-- GOAL OF THE EXERCISE --
From the line containing "1.先来一个最简单最小白的操" to the line containing "About this item" in the records below, set down every line exactly as it stands, both ends included, and skip the pictures.

-- Items from a dataset --
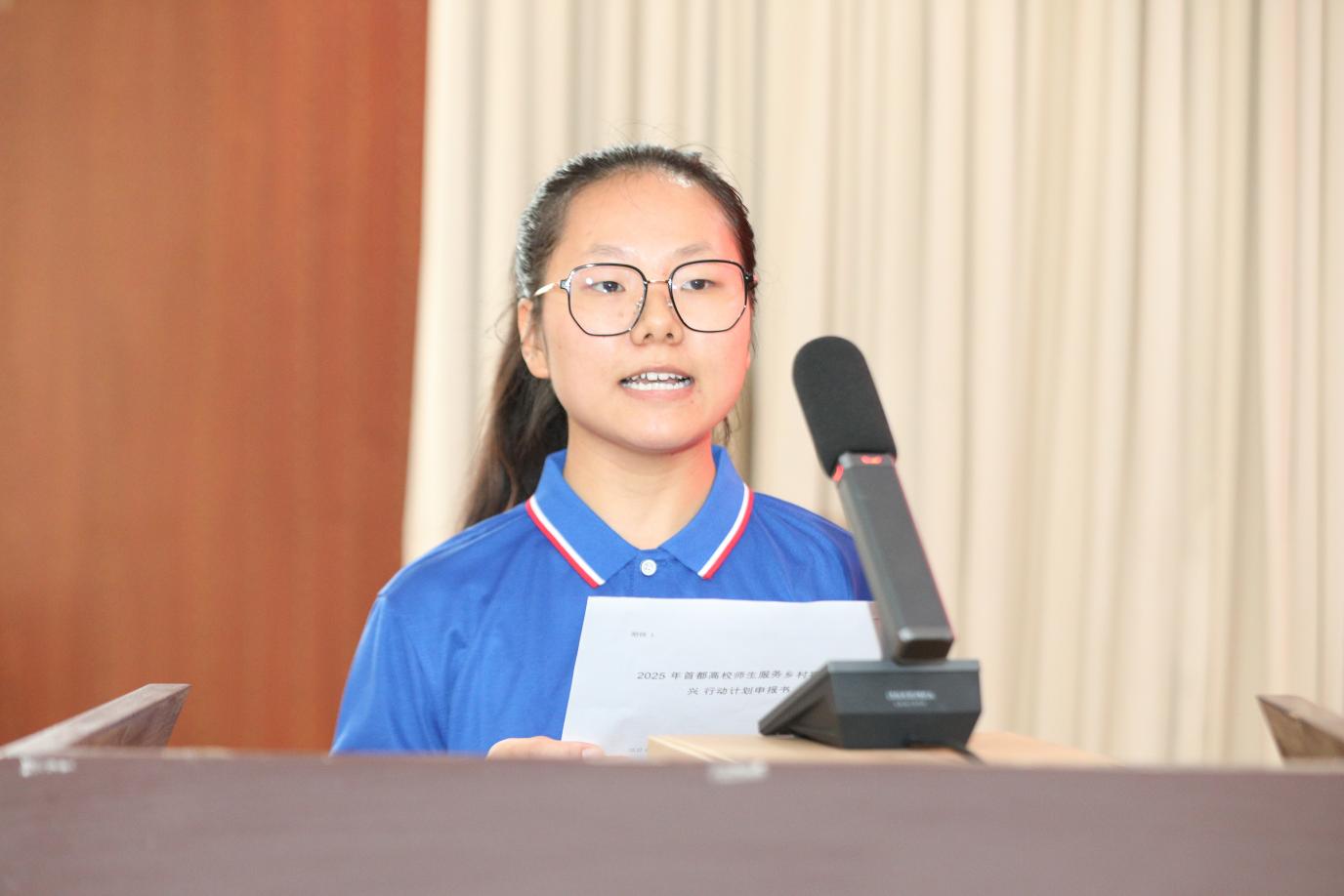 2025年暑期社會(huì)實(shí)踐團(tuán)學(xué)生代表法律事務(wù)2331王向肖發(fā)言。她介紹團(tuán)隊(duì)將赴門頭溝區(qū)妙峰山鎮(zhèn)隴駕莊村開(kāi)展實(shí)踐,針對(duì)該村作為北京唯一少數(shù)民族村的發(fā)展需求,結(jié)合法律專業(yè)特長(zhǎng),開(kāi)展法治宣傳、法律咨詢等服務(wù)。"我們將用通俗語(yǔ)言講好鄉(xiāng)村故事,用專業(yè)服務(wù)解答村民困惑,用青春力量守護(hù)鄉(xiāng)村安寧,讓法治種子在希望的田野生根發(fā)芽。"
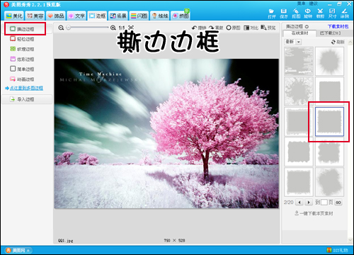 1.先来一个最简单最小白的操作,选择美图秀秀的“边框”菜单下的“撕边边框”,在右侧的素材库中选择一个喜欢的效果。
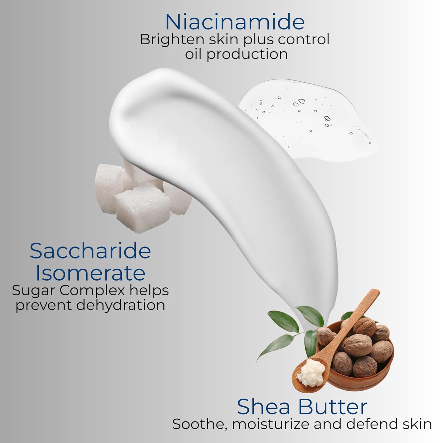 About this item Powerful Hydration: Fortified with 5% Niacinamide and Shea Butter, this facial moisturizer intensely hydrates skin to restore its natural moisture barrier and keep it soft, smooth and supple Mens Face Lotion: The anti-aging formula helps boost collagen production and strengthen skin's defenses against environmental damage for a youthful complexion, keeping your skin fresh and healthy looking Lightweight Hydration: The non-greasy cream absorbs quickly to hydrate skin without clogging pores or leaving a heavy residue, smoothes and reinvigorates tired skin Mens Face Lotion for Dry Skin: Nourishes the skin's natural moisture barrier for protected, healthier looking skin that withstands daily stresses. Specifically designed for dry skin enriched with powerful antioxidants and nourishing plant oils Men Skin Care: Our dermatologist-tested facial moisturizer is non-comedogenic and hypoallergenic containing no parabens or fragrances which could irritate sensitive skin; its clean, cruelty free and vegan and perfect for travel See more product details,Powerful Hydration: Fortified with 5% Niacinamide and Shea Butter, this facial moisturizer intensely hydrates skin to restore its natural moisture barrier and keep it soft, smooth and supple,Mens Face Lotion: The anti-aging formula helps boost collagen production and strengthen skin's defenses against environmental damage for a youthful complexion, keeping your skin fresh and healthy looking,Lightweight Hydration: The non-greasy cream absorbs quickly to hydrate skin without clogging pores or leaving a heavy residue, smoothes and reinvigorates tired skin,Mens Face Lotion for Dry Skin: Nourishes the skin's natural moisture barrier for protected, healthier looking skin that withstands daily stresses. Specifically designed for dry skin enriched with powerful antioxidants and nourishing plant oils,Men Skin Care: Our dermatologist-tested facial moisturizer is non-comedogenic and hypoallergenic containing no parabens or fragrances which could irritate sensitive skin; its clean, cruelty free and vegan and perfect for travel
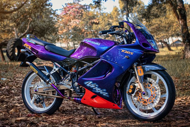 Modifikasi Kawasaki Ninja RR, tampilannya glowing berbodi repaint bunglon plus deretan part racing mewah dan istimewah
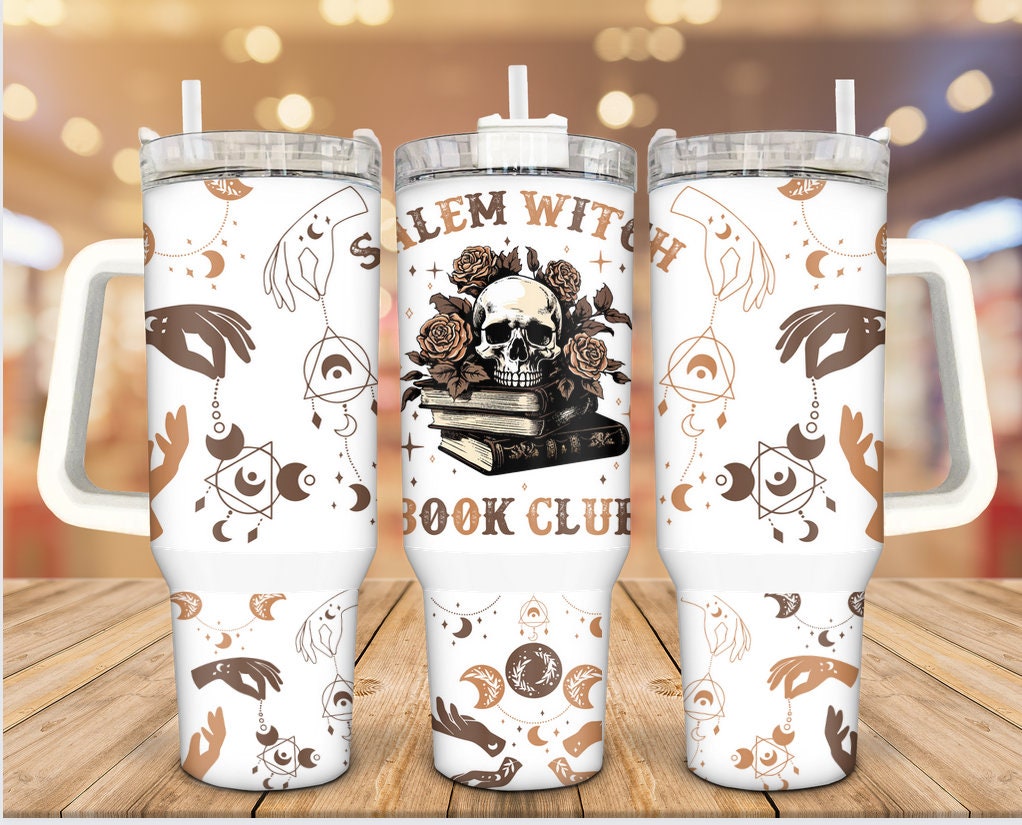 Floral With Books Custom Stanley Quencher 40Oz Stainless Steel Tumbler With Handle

-- OUTPUT OF THE TASK --
 1.先来一个最简单最小白的操作,选择美图秀秀的“边框”菜单下的“撕边边框”,在右侧的素材库中选择一个喜欢的效果。
 About this item Powerful Hydration: Fortified with 5% Niacinamide and Shea Butter, this facial moisturizer intensely hydrates skin to restore its natural moisture barrier and keep it soft, smooth and supple Mens Face Lotion: The anti-aging formula helps boost collagen production and strengthen skin's defenses against environmental damage for a youthful complexion, keeping your skin fresh and healthy looking Lightweight Hydration: The non-greasy cream absorbs quickly to hydrate skin without clogging pores or leaving a heavy residue, smoothes and reinvigorates tired skin Mens Face Lotion for Dry Skin: Nourishes the skin's natural moisture barrier for protected, healthier looking skin that withstands daily stresses. Specifically designed for dry skin enriched with powerful antioxidants and nourishing plant oils Men Skin Care: Our dermatologist-tested facial moisturizer is non-comedogenic and hypoallergenic containing no parabens or fragrances which could irritate sensitive skin; its clean, cruelty free and vegan and perfect for travel See more product details,Powerful Hydration: Fortified with 5% Niacinamide and Shea Butter, this facial moisturizer intensely hydrates skin to restore its natural moisture barrier and keep it soft, smooth and supple,Mens Face Lotion: The anti-aging formula helps boost collagen production and strengthen skin's defenses against environmental damage for a youthful complexion, keeping your skin fresh and healthy looking,Lightweight Hydration: The non-greasy cream absorbs quickly to hydrate skin without clogging pores or leaving a heavy residue, smoothes and reinvigorates tired skin,Mens Face Lotion for Dry Skin: Nourishes the skin's natural moisture barrier for protected, healthier looking skin that withstands daily stresses. Specifically designed for dry skin enriched with powerful antioxidants and nourishing plant oils,Men Skin Care: Our dermatologist-tested facial moisturizer is non-comedogenic and hypoallergenic containing no parabens or fragrances which could irritate sensitive skin; its clean, cruelty free and vegan and perfect for travel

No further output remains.